Of course there were people in the media who showed themselves to be partisan hacks as well: podcast host and former New Republic staffer Brian Beutler urged the Journal to “retract its egregious hit job” after McCarthy said the same thing he was quoted as saying in the article, namely that Biden had good days and bad days. And of course one can say that the media in general should have been more aggressive in pursuing the story. But it’s useful to remember that the reason the floodgates have opened now is not that journalists are finally willing to write these stories, but rather because (1) a new specific incident—Biden’s debate performance—elevated the newsworthiness of what otherwise was an ongoing, day-by-day story of human decline; (2) Democratic strategists and administration staffers are more willing to talk.

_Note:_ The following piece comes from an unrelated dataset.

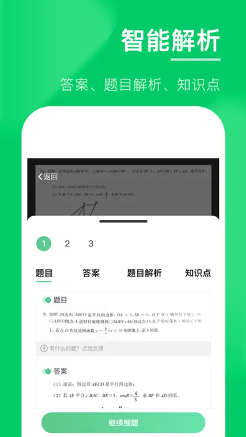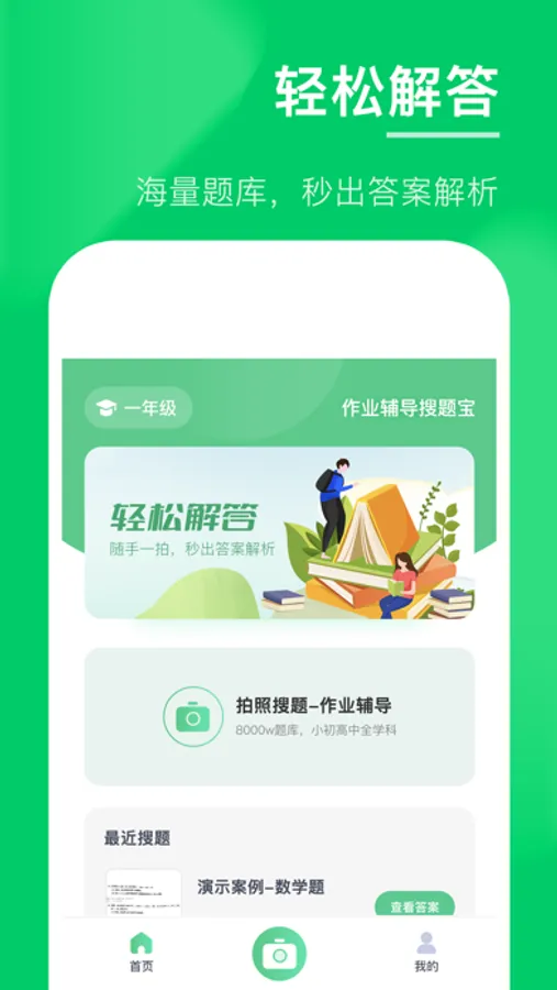 1.拍照搜题:拍照作业,解答立现,学习解题思路!

Again: Media criticism is fine. But when it comes from people who never have anything critical to say about the right-wing noise and fog machine; who use the critiques to demonize mainstream journalism while positioning themselves as the sole purveyors of truth; and who, finally, have plenty to say about Biden’s age but nothing about the abundant evidence of Trump’s unfitness for office, maybe media integrity isn’t the real agenda.
A week before the debate, I myself wrote about the videos and the question of Biden’s age and mental fitness for Newsday, acknowledging the import of the issue and rejecting the White House contention that the videos were “fakes”; but I also wrote that the clips were deceptively cropped and did not, in context, make a strong case for Biden’s decline. I stand by that opinion. I also wrote that the question would be settled by the debate.